Pièce n°827
La Chatte qui Pêche as Poussière d’Étoile
La première chose que je vois est un petit tas de galets polis, identiques à ceux qu’on trouve à la mer. Alors que je me demande comment ils ont fait pour arriver là, mon regard rencontre une immense étendue d’eau bleue. Je sens un vent léger m’arriver sur le visage. Cette odeur légère, un peu piquante, c’est celle de l’eau salée. J’entends le léger clapotis des vaguelettes qui se brisent tout près de mes pieds. Impossible, je pense. L’océan ne peut pas se trouver dans le Château. Et pourtant, à part l’îlot de galets sur lequel nous nous trouvons, aussi loin que ma vue me le permet, je ne vois que la mer. Eau calme, petites vagues, sur des kilomètres et des kilomètres à la ronde. Un ciel très clair nous surplombe. C’est une vision incroyable, mais je ne m’en réjouis pas une seconde. La porte a disparu derrière nous. Pas d’issue en vue. Nous sommes coincés au milieu de l’océan.
« Fantastique, grommelle Om. Des idées pour nous sortir d’ici ? »
Question superflue, naturellement. On ne peut pas s’enfuir en nageant, puisqu’il n’y a aucune terre en vue. Esprit peut léviter, mais perdus dans l’océan elle s’épuiserait rapidement, et n’aurait pas moyen de se reposer. La seule chose à faire est de rester sur l’îlot.
Au bout d’une heure, nous n’en pouvons plus de nous morfondre en cette attente. Aucun de nous n’a envie de parler.
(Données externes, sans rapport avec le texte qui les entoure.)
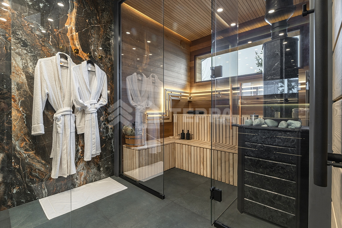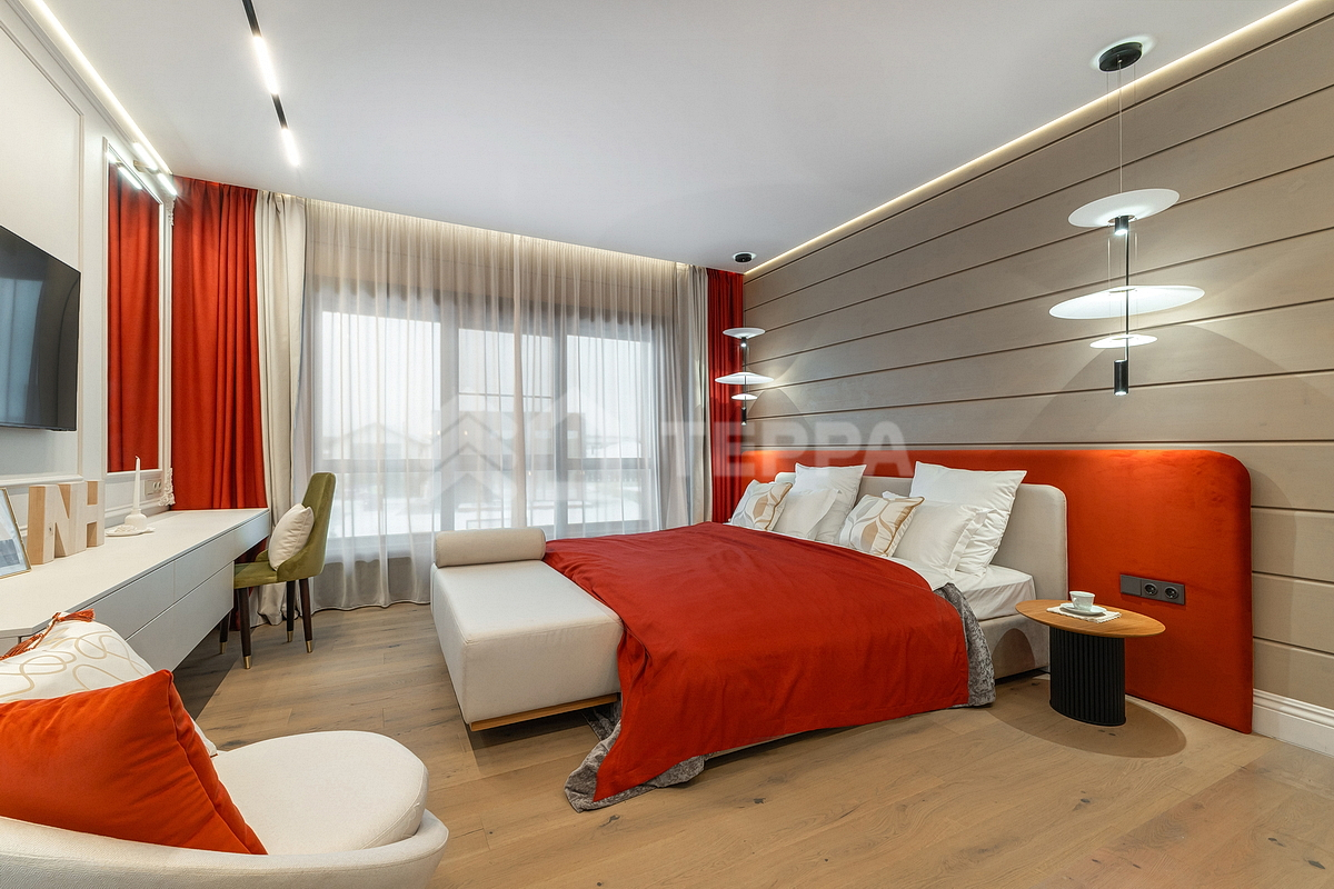 Дом оснащен системой "умный дом", установлена приточно-вытяжная вентиляция с системой увлажнения, встроенная система ароматизации воздуха, все коммуникации центральные: газоснабжение, электроснабжение, водоснабжение, канализация.
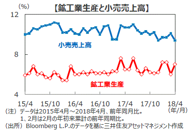 ■4月の鉱工業生産は前年同月比+7.0%と市場予想(同+6.4%)を大きく上回り、3月(同+6.0%)から伸び率が拡大しました。生産は輸出拡大や、半導体などのIT関連の高い伸びに支えられて、前月から上振れました。
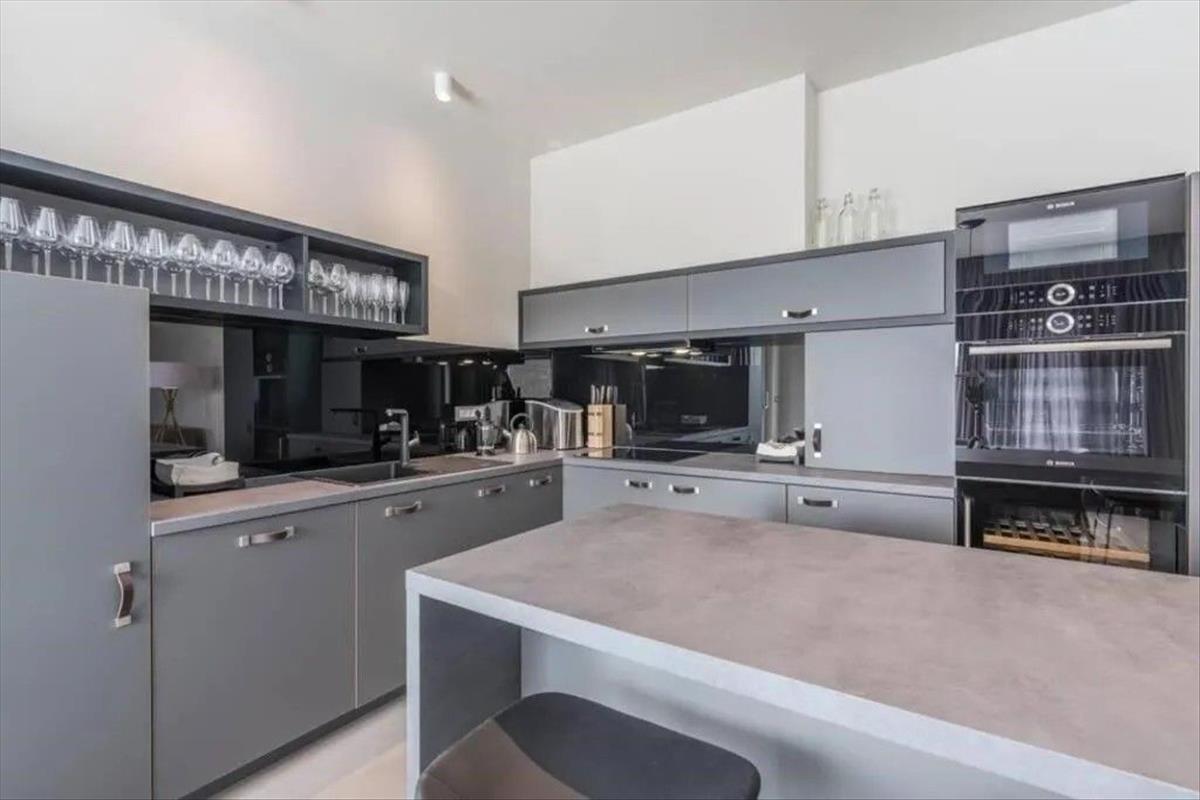 Földszint: Tágas nappali hangulatos kandallóval Elegáns egyterű konyha és étkező a padlótól a mennyezetig érő üvegfalak természetes fényt és zökkenőmentes beltéri-kültéri áramlást tesznek lehetővé Közvetlen hozzáférés a napsütötte teraszhoz, amely a következőket kínálja: Fűtött, 32 m²-es végtelenített medence lélegzetelállító panorámás kilátással Fedett kültéri konyha és grillező – tökéletes szórakozásra Buja mediterrán kert automatizált öntözőrendszerrel Az első hálószoba saját fürdőszobával Mosókonyha Privát wellness-zóna jakuzzival és finn szaunával

On pense seulement qu’on ne résistera pas longtemps ici, où tout semble immobile, figé, et où il n’y a aucune des ressources indispensables, comme de l’eau douce et de la nourriture.
Om commence à faire des ricochets avec des galets. N’ayant rien d’autre à faire, je me mets à l’observer. Au premier essai, il en réussit trois. Au deuxième, cinq. Au troisième, je compte huit bonds, mais au milieu du neuvième un changement se produit. Le galet rebondit vers l’arrière, comme s’il avait cogné contre un obstacle invisible. Je me lève, intriguée.
« Esprit, tu pourrais aller jeter un coup d’œil là-bas, s’il te plaît ? »
Sans se faire prier, mon amie s’élève au-dessus de l’eau et se dirige vers le point qu’on lui indique. Quelques mètres plus loin, elle s’arrête et pousse un cri de surprise. On entend un bruit de déchirement, et Esprit se tourne vers nous, une expression ahurie sur le visage et un morceau de papier bleu à la main. Derrière elle, là où devait se trouver un fragment d’océan, il y a un vulgaire pan de mur en ciment.
« C’est une illusion, s’écrie Esprit. De l’îlot, on a l’impression de voir la mer, mais dès qu’on s’éloigne un peu, tout le mécanisme devient visible. Regardez, ce n’est que du papier peint et des miroirs!»
Et CRAAC, elle déchire un autre bout d’océan. Rapidement, elle fait le tour de la pièce, dévoilant quatre murs grisâtres avec quelques miroirs, un ventilateur dans un coin, des lumières au plafond, et même une sorte de radio qui imite le bruit des vagues. Nous ne sommes plus que dans une salle de dimensions moyennes, au milieu d’une petite mare.
« ÇA c’est de la magie » me souffle Om.
Je dois dire qu’il a raison. S’il n’avait pas commencé à faire des ricochets, on serait restés peut-être des jours sur ce tas de galets, convaincus d’être entourés par l’océan !
Esprit attire notre attention sur une porte en grillage métallique derrière le dernier morceau de papier peint. A travers les trous, on aperçoit ce qui ressemble à une cage d’ascenseur.
« Qu’en dites-vous, on en a assez de la mer ? »
Nous éclatons de rire, soulagés de cette heureuse conclusion.
« Prochaine destination, 83ème étage ! » s’exclame allègrement Om.
« J’ai toujours préféré la montagne » dis-je en souriant. Mais l’idée d’un probable combat contre le Château me rappelle des souvenirs plus néfastes.
« Bûche conteuse, je te vengerai. C’est promis ! » je pense fort avant de passer la porte.